There are numerous additional place-name elements in Scotland which are derived from Gaelic, but the majority of these have not entered the English or Scots language as productive nouns and often remain opaque to the average Scot. A few examples of such elements are:

- a(u)ch- from Gaelic achadh, a field; hence Auchentoshan distillery, Auchinleck
- ard- from Gaelic àird, a height or promontory; hence Ardnamurchan, etc.

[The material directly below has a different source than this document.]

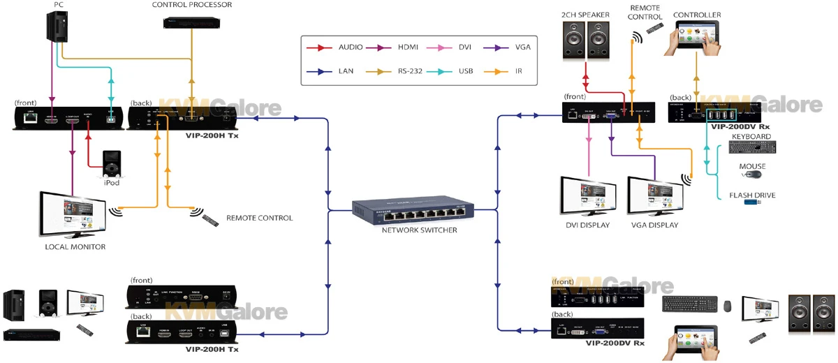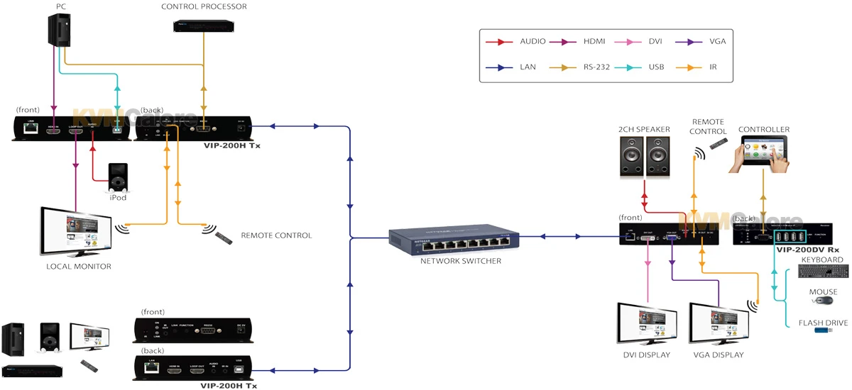 VIP-200 series HDMI and USB/KVM over IP extension system allows users to distribute video, audio, RS-232, infrared (IR), USB keyboard/mouse and USB peripherals over an IP network. Local and remote units can be connected together for point-to-point extension over distances up to 590 feet, as well as a point-to-many, many to point, and matrix connectivity with the assistance of VPX IP video management software (purchased separately).

- bal- from Gaelic baile, a town; hence Balgowan, Balgay etc.
- cam- from Gaelic camas, a bend or meander; hence Cambuslang, Cambusnethan
- dal- from Gaelic dail, a meadow (not to be confused with "dale", from the Norse dalr meaning a valley); hence Dalry
- drum- from Gaelic druim, a ridge; hence Drumchapel, Drumnadrochit etc.
- dun- from Gaelic dun, a fort; hence Dundee, Dumbarton, Dunedin
- inver- from Gaelic inbhir, a river mouth or confluence; hence Inverclyde, Inverleith
- kil- from Gaelic cill, a churchyard; hence Kilmarnock, Kilbride etc.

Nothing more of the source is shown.